The ICRs associated with the medical necessity and claims denial disclosures are currently approved under OMB control number 0938–1080. HHS will seek OMB approval for revised ICRs that will include the burden to small group health plans and individual market plans related to the disclosure requirements in the final regulations. A Federal Register notice will be published, providing the public with an opportunity to comment on the ICRs.

Statutory authorization for the final rules

The Department of the Treasury regulations are adopted pursuant to the authority contained in sections 7805 and 9833 of the Internal Revenue Code of 1986.

The Department of Labor regulations are adopted pursuant to the authority contained in 29 U.S.C. sections 1027, 1059, 1135, 1161–1168, 1169, 1181–1183, 1181 note, 1185, 1185a, 1185b, 1191, 1191a, 1191b, and 1191c; sec. 101(g), Pub. L. No. 104–191, 110 Stat. 1936; sec. 401(b), Pub. L. No. 105–200, 112 Stat. 645 (42 U.S.C. sect. 651 note); sec. 512(d), Pub. L. No. 110–343, 122 Stat. 3765; Pub. L. No. 110–460, 122 Stat. 5123; Secretary of Labor's Order
1–2011, 77 Fed. Reg. 1088 (Jan. 9, 2012).

The Department of Health and Human Services regulations are adopted pursuant to the authority contained in sections 2701 through 2763, 2791, and 2792 of the Public Health Service Act (42 U.S.C. sect. 300gg through 300gg–63, 300gg–91, and 300gg–92), as amended.

Executive Order No. 12,866 (Regulatory Planning and Review)

The Department of Labor and Department of Health and Human Services have determined that this regulatory action is economically significant within the meaning of section 3(f)(1) of the Executive Order, because it is likely to have an effect on the economy of $100 million or more in at least one year. The agencies submitted the interim final rules to OMB for review. The Department of the Treasury, however, did a special analysis and determined that this Treasury decision is not a significant regulatory action for purposes of Executive Order 12,866, as supplemented by Executive Order 13,563. Therefore, a regulatory assessment by the Department of Treasury was not required.
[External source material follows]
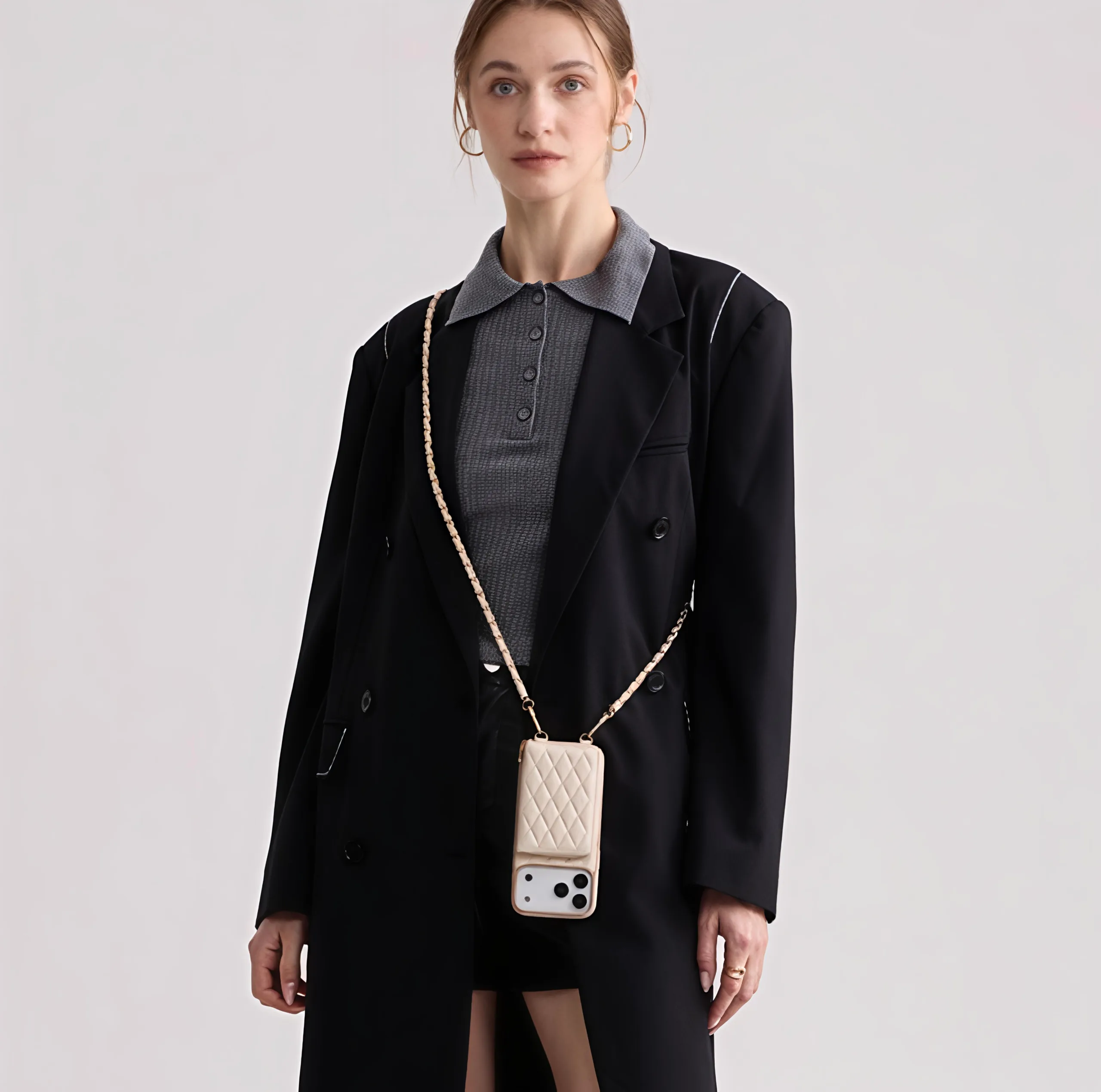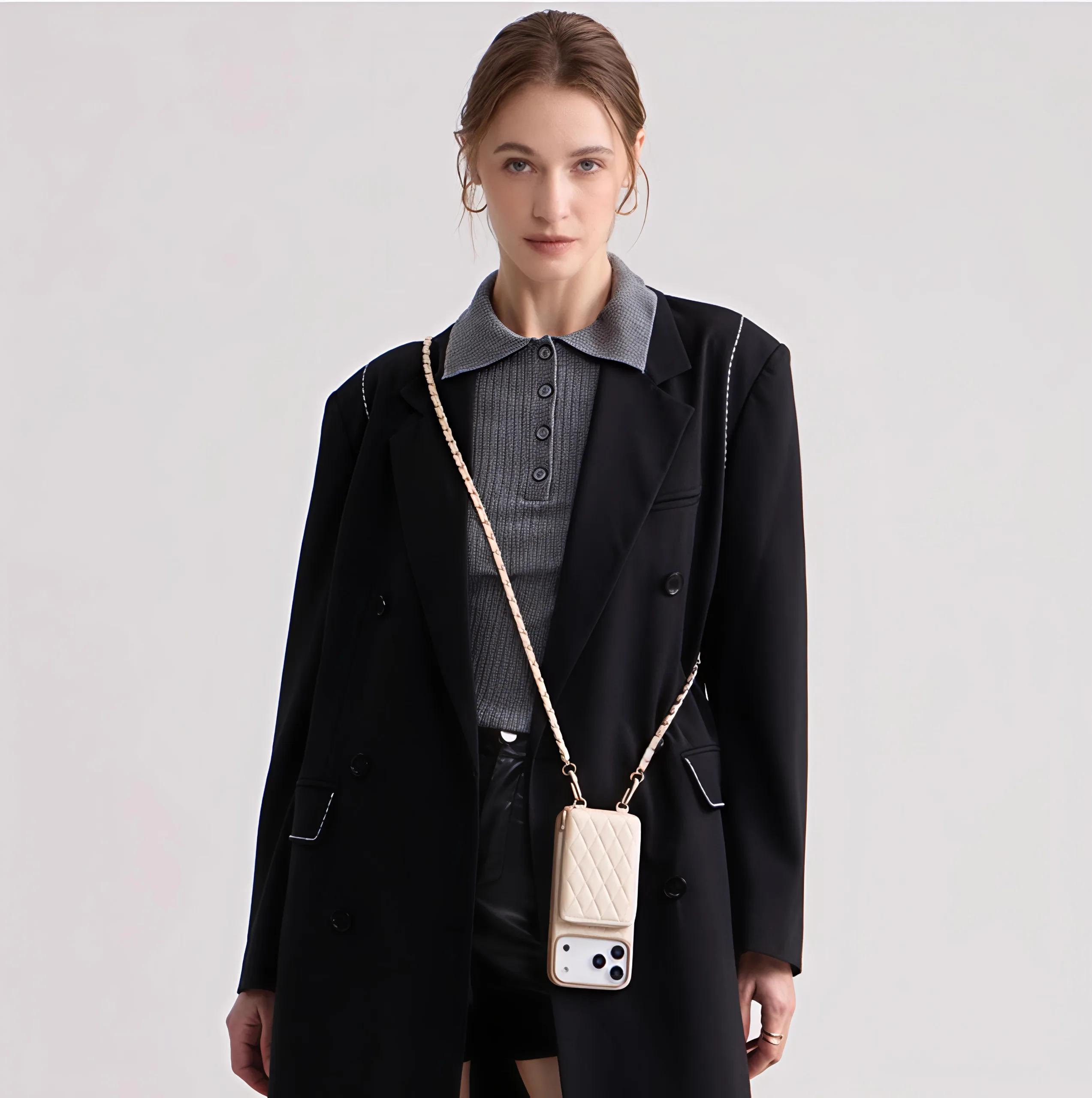 Custype Argyle Phone Case with Chain Leather Strap คือเคสมือถือดีไซน์พรีเมียมที่ผสาน ลายถัก Argyle แบบสามเหลี่ยม ให้ลุคแฟชั่นเฉียบ พร้อมสายคล้องหนังปรับได้ ที่ให้คุณจับหรือสะพายมือถือแบบแฮนด์ฟรีได้อย่างมั่นใจ ไม่ว่าจะเป็นการเดินทางไปเที่ยว คาเฟ่ นัดเจอเพื่อน หรือเดินชิลในเมือง เคสนี้ตอบโจทย์ ทั้งสไตล์และฟังก์ชัน ในหนึ่งเดียว

Executive Order No. 13,132 (Federalism)

In the agencies’ view, these regulations have federalism implications, because they have direct effects on the states, the relationship between the federal government and states, or on the distribution of power and responsibilities among various levels of government. However, in the agencies’ view, the federalism implications of these regulations are substantially mitigated because, with respect to health insurance issuers, the agencies expect that the majority of states have enacted or will enact laws or take other appropriate action resulting in their meeting or exceeding the federal MHPAEA standards.